__EXERCISE OBJECTIVE__:
Retype, without pictures, the line holding "该股为光刻机(胶),氢能源/" and each line below it through the final line.

__MATERIAL PROVIDED__:
◆ ◆ ◆
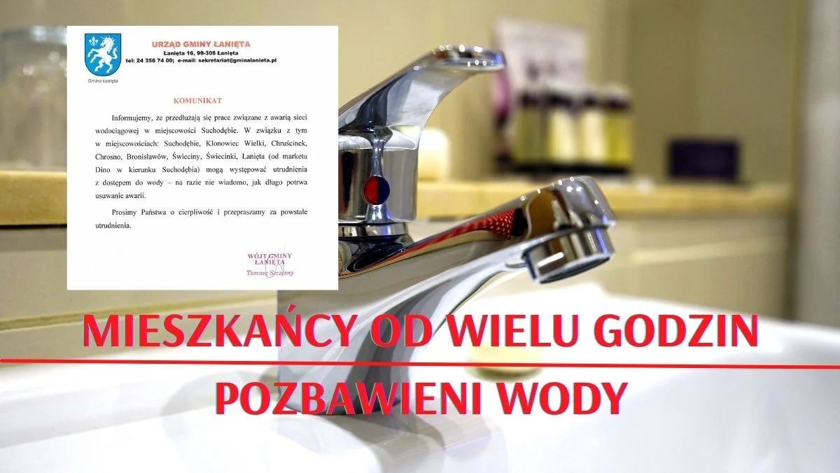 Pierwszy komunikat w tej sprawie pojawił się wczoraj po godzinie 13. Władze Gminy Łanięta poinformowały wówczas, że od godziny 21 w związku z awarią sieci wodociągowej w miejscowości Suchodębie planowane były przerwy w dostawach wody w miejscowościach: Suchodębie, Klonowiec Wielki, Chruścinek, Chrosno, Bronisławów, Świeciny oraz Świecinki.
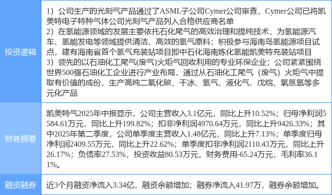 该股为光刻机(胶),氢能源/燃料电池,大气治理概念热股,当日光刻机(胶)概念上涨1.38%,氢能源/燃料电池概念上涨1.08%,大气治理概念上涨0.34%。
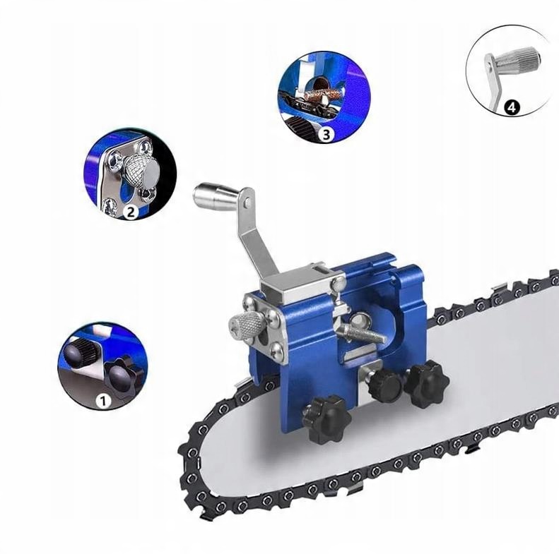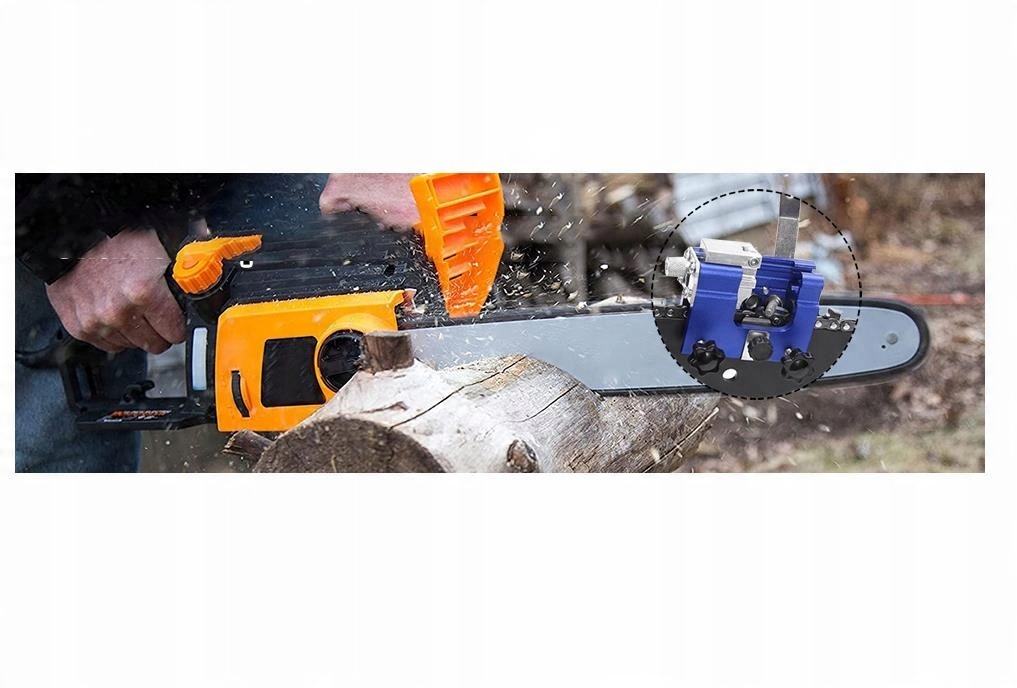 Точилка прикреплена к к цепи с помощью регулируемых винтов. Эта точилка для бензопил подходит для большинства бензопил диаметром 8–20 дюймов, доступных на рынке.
◆ ◆ ◆
__RESULT OF THIS TASK__:
 该股为光刻机(胶),氢能源/燃料电池,大气治理概念热股,当日光刻机(胶)概念上涨1.38%,氢能源/燃料电池概念上涨1.08%,大气治理概念上涨0.34%。
 Точилка прикреплена к к цепи с помощью регулируемых винтов. Эта точилка для бензопил подходит для большинства бензопил диаметром 8–20 дюймов, доступных на рынке.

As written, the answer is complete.